─── The data ───
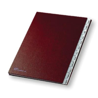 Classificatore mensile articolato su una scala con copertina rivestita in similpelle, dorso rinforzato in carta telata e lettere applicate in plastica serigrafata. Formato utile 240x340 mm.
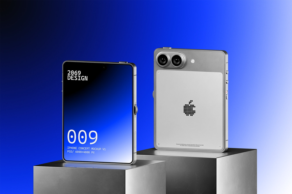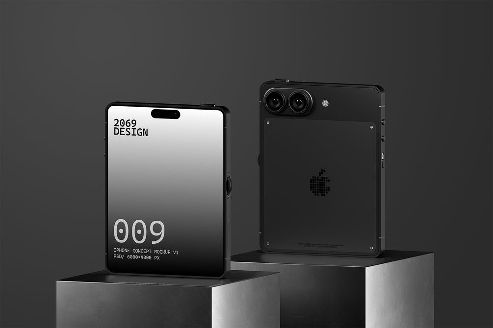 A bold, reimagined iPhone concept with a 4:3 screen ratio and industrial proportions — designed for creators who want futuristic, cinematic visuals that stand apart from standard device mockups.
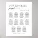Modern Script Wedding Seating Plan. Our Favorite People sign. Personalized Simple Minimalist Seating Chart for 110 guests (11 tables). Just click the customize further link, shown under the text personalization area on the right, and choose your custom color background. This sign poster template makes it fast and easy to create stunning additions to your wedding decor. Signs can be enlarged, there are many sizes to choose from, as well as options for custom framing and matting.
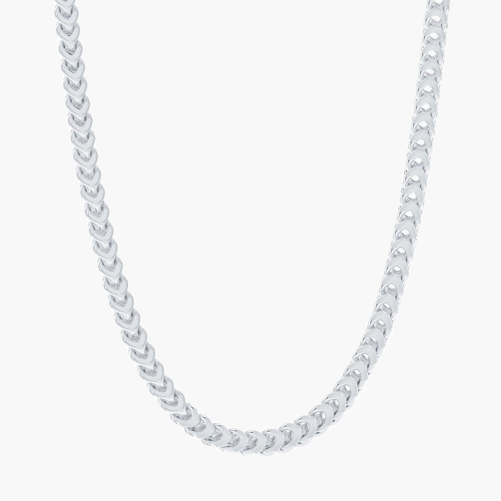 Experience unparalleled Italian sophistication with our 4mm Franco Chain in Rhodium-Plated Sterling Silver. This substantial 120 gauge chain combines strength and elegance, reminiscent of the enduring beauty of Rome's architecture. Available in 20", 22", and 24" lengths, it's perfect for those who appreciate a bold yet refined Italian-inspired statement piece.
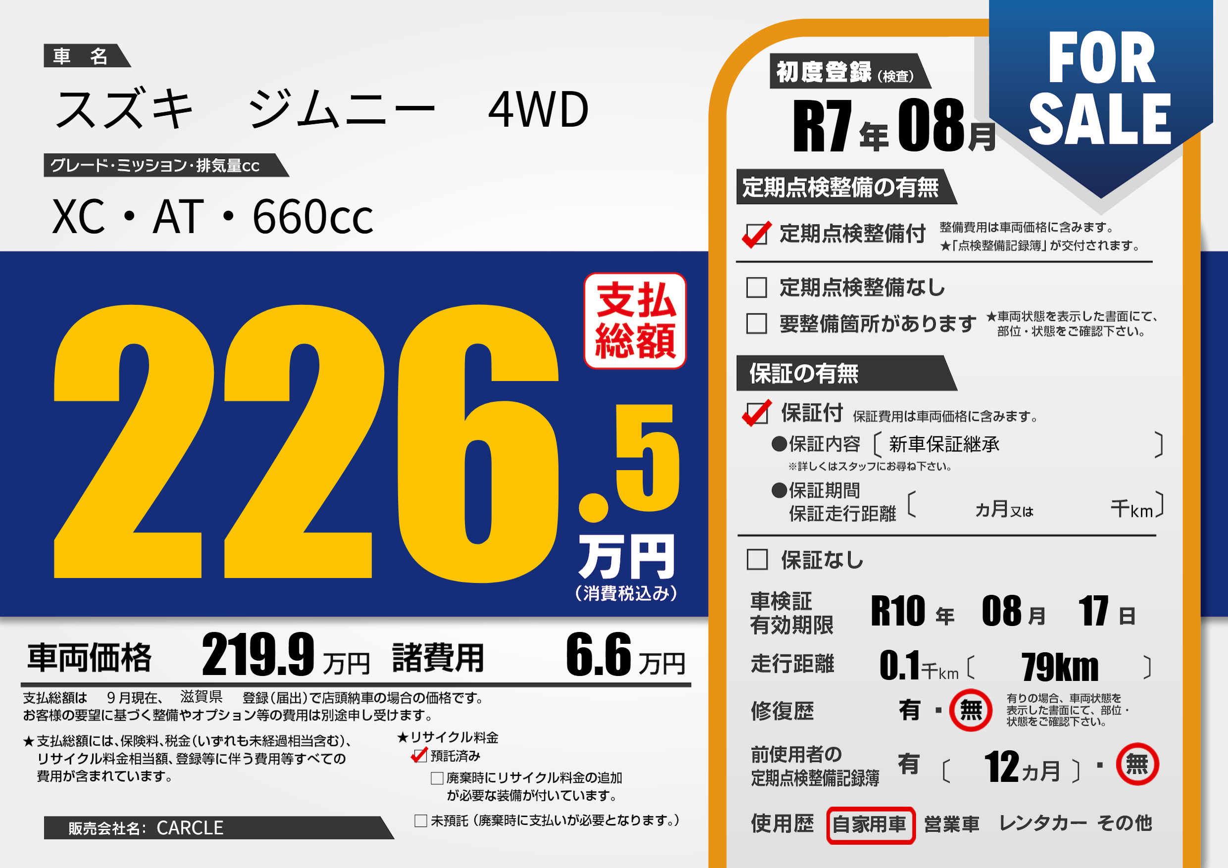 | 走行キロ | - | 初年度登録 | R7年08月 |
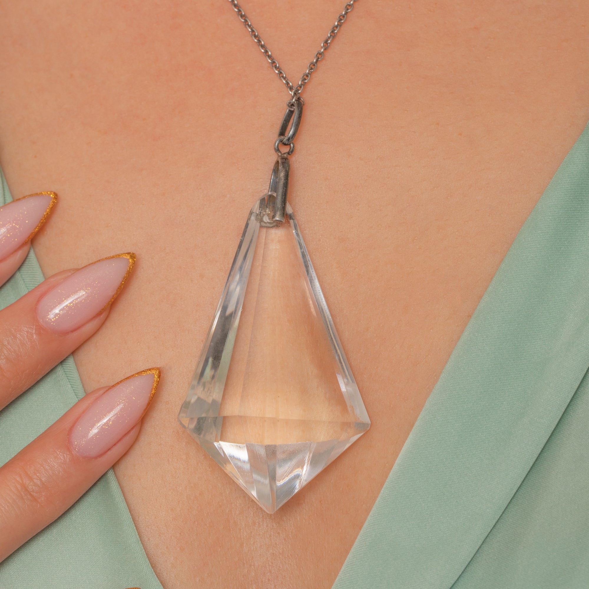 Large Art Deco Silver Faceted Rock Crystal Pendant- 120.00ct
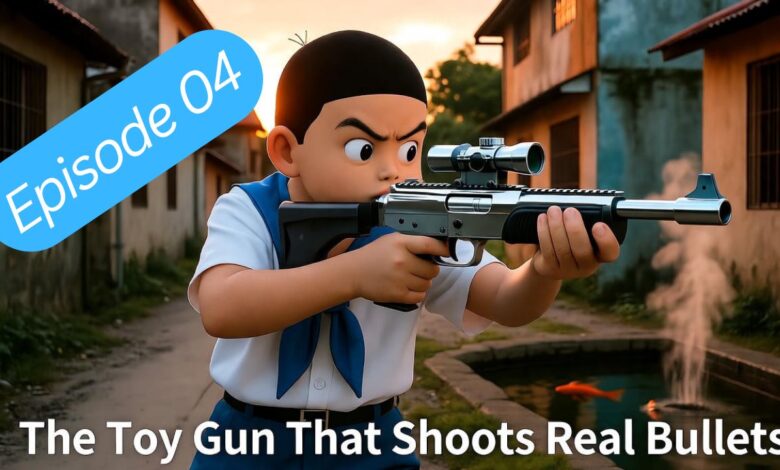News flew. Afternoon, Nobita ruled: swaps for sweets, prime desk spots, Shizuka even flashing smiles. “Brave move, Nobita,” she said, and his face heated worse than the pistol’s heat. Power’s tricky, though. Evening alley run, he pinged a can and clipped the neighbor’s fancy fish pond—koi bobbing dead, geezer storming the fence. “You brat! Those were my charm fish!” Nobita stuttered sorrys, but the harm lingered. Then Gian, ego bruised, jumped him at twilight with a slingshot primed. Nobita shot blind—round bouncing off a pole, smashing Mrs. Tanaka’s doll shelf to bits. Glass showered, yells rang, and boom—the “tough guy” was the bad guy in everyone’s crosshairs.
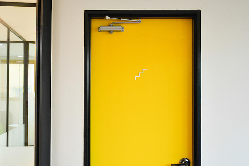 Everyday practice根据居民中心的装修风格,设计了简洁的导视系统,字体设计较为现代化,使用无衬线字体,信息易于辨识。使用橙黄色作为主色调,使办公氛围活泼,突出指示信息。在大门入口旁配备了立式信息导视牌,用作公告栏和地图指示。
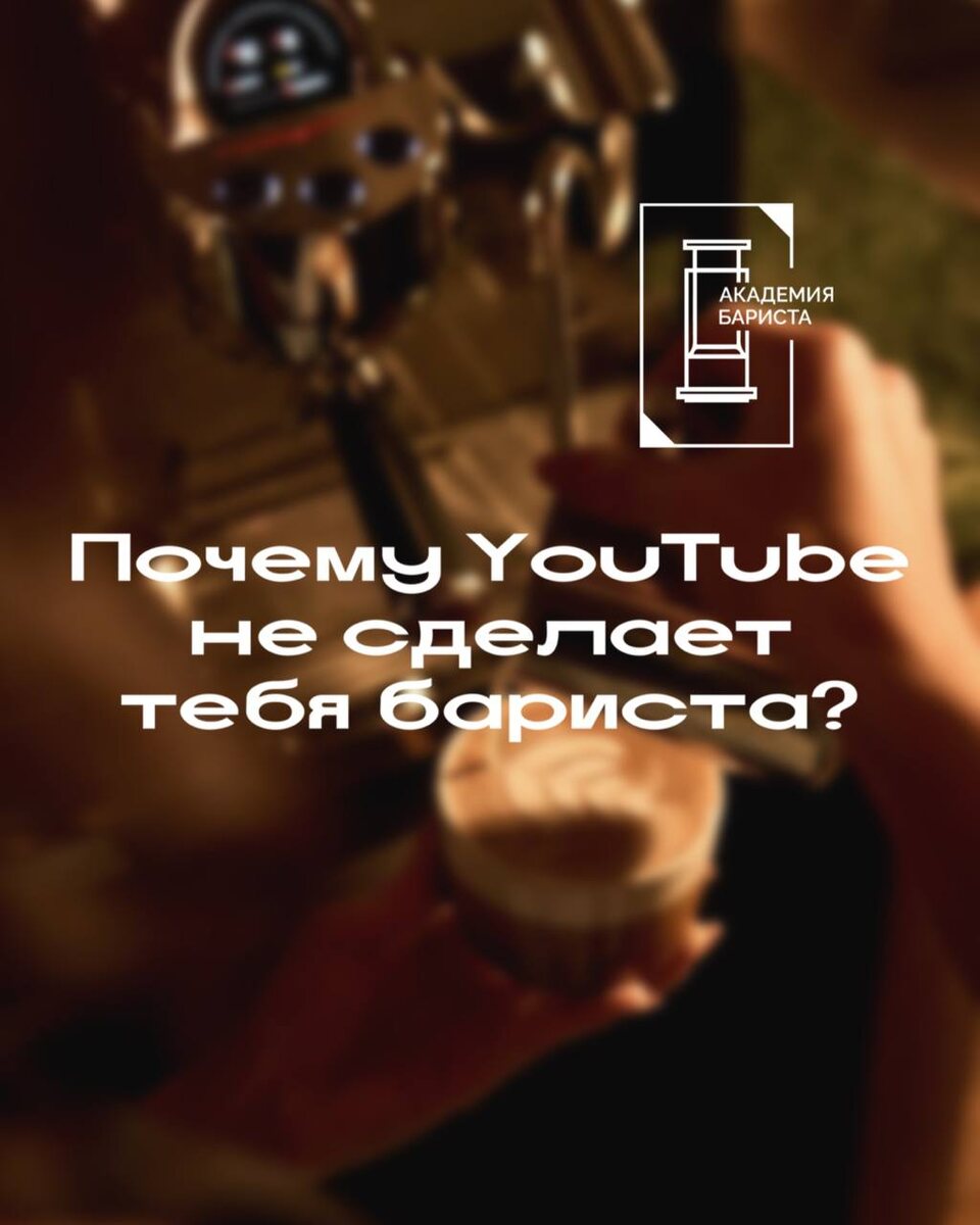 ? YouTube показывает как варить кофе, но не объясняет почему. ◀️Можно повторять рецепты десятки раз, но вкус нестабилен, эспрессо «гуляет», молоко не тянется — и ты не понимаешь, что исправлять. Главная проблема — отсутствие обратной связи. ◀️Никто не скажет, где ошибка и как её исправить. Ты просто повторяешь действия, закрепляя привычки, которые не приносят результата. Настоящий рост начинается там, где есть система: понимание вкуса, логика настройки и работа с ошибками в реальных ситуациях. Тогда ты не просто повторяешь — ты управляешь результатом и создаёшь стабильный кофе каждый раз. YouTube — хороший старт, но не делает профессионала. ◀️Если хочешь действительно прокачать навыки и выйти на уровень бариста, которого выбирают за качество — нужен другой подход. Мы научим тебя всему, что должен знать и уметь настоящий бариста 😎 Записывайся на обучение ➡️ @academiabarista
───
When you retype the material above, copy each line exactly and drop whatever images appear in it.

 Classificatore mensile articolato su una scala con copertina rivestita in similpelle, dorso rinforzato in carta telata e lettere applicate in plastica serigrafata. Formato utile 240x340 mm.
 A bold, reimagined iPhone concept with a 4:3 screen ratio and industrial proportions — designed for creators who want futuristic, cinematic visuals that stand apart from standard device mockups.
Modern Script Wedding Seating Plan. Our Favorite People sign. Personalized Simple Minimalist Seating Chart for 110 guests (11 tables). Just click the customize further link, shown under the text personalization area on the right, and choose your custom color background. This sign poster template makes it fast and easy to create stunning additions to your wedding decor. Signs can be enlarged, there are many sizes to choose from, as well as options for custom framing and matting.
 Experience unparalleled Italian sophistication with our 4mm Franco Chain in Rhodium-Plated Sterling Silver. This substantial 120 gauge chain combines strength and elegance, reminiscent of the enduring beauty of Rome's architecture. Available in 20", 22", and 24" lengths, it's perfect for those who appreciate a bold yet refined Italian-inspired statement piece.
 | 走行キロ | - | 初年度登録 | R7年08月 |
 Large Art Deco Silver Faceted Rock Crystal Pendant- 120.00ct
News flew. Afternoon, Nobita ruled: swaps for sweets, prime desk spots, Shizuka even flashing smiles. “Brave move, Nobita,” she said, and his face heated worse than the pistol’s heat. Power’s tricky, though. Evening alley run, he pinged a can and clipped the neighbor’s fancy fish pond—koi bobbing dead, geezer storming the fence. “You brat! Those were my charm fish!” Nobita stuttered sorrys, but the harm lingered. Then Gian, ego bruised, jumped him at twilight with a slingshot primed. Nobita shot blind—round bouncing off a pole, smashing Mrs. Tanaka’s doll shelf to bits. Glass showered, yells rang, and boom—the “tough guy” was the bad guy in everyone’s crosshairs.
 Everyday practice根据居民中心的装修风格,设计了简洁的导视系统,字体设计较为现代化,使用无衬线字体,信息易于辨识。使用橙黄色作为主色调,使办公氛围活泼,突出指示信息。在大门入口旁配备了立式信息导视牌,用作公告栏和地图指示。
 ? YouTube показывает как варить кофе, но не объясняет почему. ◀️Можно повторять рецепты десятки раз, но вкус нестабилен, эспрессо «гуляет», молоко не тянется — и ты не понимаешь, что исправлять. Главная проблема — отсутствие обратной связи. ◀️Никто не скажет, где ошибка и как её исправить. Ты просто повторяешь действия, закрепляя привычки, которые не приносят результата. Настоящий рост начинается там, где есть система: понимание вкуса, логика настройки и работа с ошибками в реальных ситуациях. Тогда ты не просто повторяешь — ты управляешь результатом и создаёшь стабильный кофе каждый раз. YouTube — хороший старт, но не делает профессионала. ◀️Если хочешь действительно прокачать навыки и выйти на уровень бариста, которого выбирают за качество — нужен другой подход. Мы научим тебя всему, что должен знать и уметь настоящий бариста 😎 Записывайся на обучение ➡️ @academiabarista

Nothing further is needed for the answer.